誠人とタカヒサもその後を追うが、公園を散歩したり、すみれが好きそうな洋服を見たり、カフェに寄ったり。
まるで恋人同士のようなことをしていた。
あっという間に夕暮れになる頃、すみれとミツクニはまだ楽しげに話をしていた。
すみれからしてみれば、一方的に楽しそうに話しかけてくるミツクニに相槌を打っているだけなのかもしれないが、傍から見れば2人とも楽しそうに見える。
そんなことを言ったらすみれに白い目で見られるだろう。
「すみれさん、良かったら家に来ませんか?」
「え?」
「ゆっくりお茶でもと思ったんですけど・・・。すみれさんといると、とても楽しいですし。ダメですか?」
「・・・・・・」
この時、どうしてすみれは即答でNOと言わなかったのかと言うと、耳に装着してある小型のイヤホンから聞こえる、五月蠅いほどに何か喋っている誠人の声が聞こえていたからだ。
だからと言って、ミツクニの言葉が聞こえていなかったわけではないのだが、それよりも先に、誠人に一言言ってやりたい気持ちの方が大きかっただけだ。
「すみれさん?」
「え?ああ、すみません。えっと、私は構いませんよ?」
「本当ですか!?嬉しいなぁ!!!」
ミツクニはすみれの手を握り、そのまま自宅へと向かって歩いて行く。
それを見ていた誠人は、2人が見える場所で水を飲んでいたのだが、掴んでいたガラス製のコップをガシャン、と握りつぶしてしまった。
欠伸をしながら誠人を眺めていたタカヒサは、これは弁償すべきものなのかどうかと少し考えた後、誠人を引きずってその場から立ち去るのだった。
「わあ、綺麗なお家ですね」
「そうですか?さあ、どうぞ」
手を引かれて辿りついた場所は、住宅街ではなく、住宅街から結構離れた場所にぽつんと建っている家だった。
豪邸とまではいかないが、それでも通常の会社員では建てるのが困難であろう敷地と建物、そして車。
外車なのだろが、すみれは車のことなど分からず、免許は持っているがペーパーなため、何と言う車かは知らない。
独り暮らしには不必要と思われる車は、車庫に規則正しく大人しく、3台並んでいた。
そもそもこのミツクニという男、何の仕事をしているかさえまだ聞いていないが、聞かない方が良さそうだ。
家の中へと案内されると、中もとても綺麗で広々としていた。
ハウスキーパーでも雇っているのかと思うほど綺麗になっているため尋ねてみたが、そう言う人は雇っていないということだった。
それならば自分で掃除をしているということなのだろうが、この広い家の中を1人で掃除なんて面倒で普通はやらない。

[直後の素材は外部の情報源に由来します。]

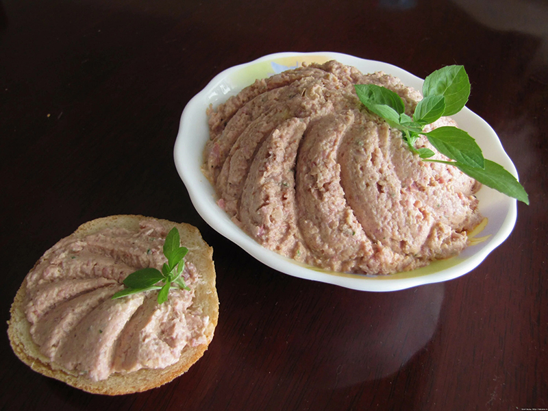 Нарезанные лук, морковь поджаривают со шпиком до полуготовности, добавляют нарезанную печень, специи, все жарят и пропускают два раза через мясорубку с частой решеткой, добавляют 70 г размягченного сливочного масла, молоко или бульон и тщательно вымешивают. Формуют в виде батона и оформляют маслом и рубленым яйцом. Вместо масла сливочного для паштета можно использовать куриный, утиный или гусиный жир.

客室だろうか、その部屋へと案内されたすみれは、最早安いのか高いのかさえ分からないその椅子に腰を下ろす。
「今お茶持ってきますね。紅茶が良いですか?それともコーヒー?」
「紅茶でお願い出来ます?」
「ええ、もちろん」
にこりと微笑んで部屋から去って行くミツクニを見届けたあと、すみれは首をぐるっと動かし、部屋の中を見渡した。
「(無駄に広い家ね)」
イヤホンに手を軽く添えると、向こう側にいる誠人に話しかける。
「潜入したわ。ちゃんと着いて来てるんでしょうね?」
《・・・・・・》
「ちょっと、誠人?タカヒサ?」
《・・・・・・》
聞こえていないのか、それとも電波が届いていないのか。
誠人たちからの返答がないため、すみれは若干の不安を抱く。
しかし、逃げることも出来ないまま待機していると、ミツクニが紅茶を持って入ってきた。
「お待たせしました」
「いえ、ありがとうございます」
お洒落なアンティークがテーブルの上に置かれ、すみれの前に用意されたカップの中に紅茶が注がれる。
それをただじっと見ていたすみれに、ミツクニは飲むように勧める。
「いただきます」
「お口に合えば良いんですが」
ゆっくりとカップの端を口に近づける。
ミツクニは自分のカップにも紅茶を注ぎながらも、視線はすみれに向けていた。
半分ほど飲んだところで、すみれはふう、と一息つき、ミツクニに目線を向ける。
「美味しいです」
「それは良かった。こちらもどうぞ」
そう言ってミツクニが用意したのは、紅茶には合うであろうクッキーだった。
それも1つ掴み、口に入れる。
「ん、美味しい」
口にまだクッキーが残っているまま、すみれは残っている紅茶を口の中へと入れる。
ミツクニは頬杖をつき、そんなすみれのことをただただ微笑みながら眺めているだけ。
「あの、ミツクニさん」
「なんです?」
「折角淹れた紅茶、飲まれないんですか?」
「ああ、これですか?あまり好きじゃないんですよね、アールグレイって」
「味が苦手なんですか?」
「味が苦手というより・・・。今の俺になってしまった原因が、グレイっていう女性だったので」
「それってどういう・・・」
眩暈が襲ってきたかと思うと、続いて強烈な眠気に誘われる。
身体に力が入らないまま、すみれはテーブルに伏して意識を手放した。
「・・・・・・」
目を覚ましてから少しの間、何があったのを思い出していた。
それから感じたのは、自分の身体が自分の身体ではないような重たさと嫌悪感、倦怠感、苛立ちやらが混ざっていること。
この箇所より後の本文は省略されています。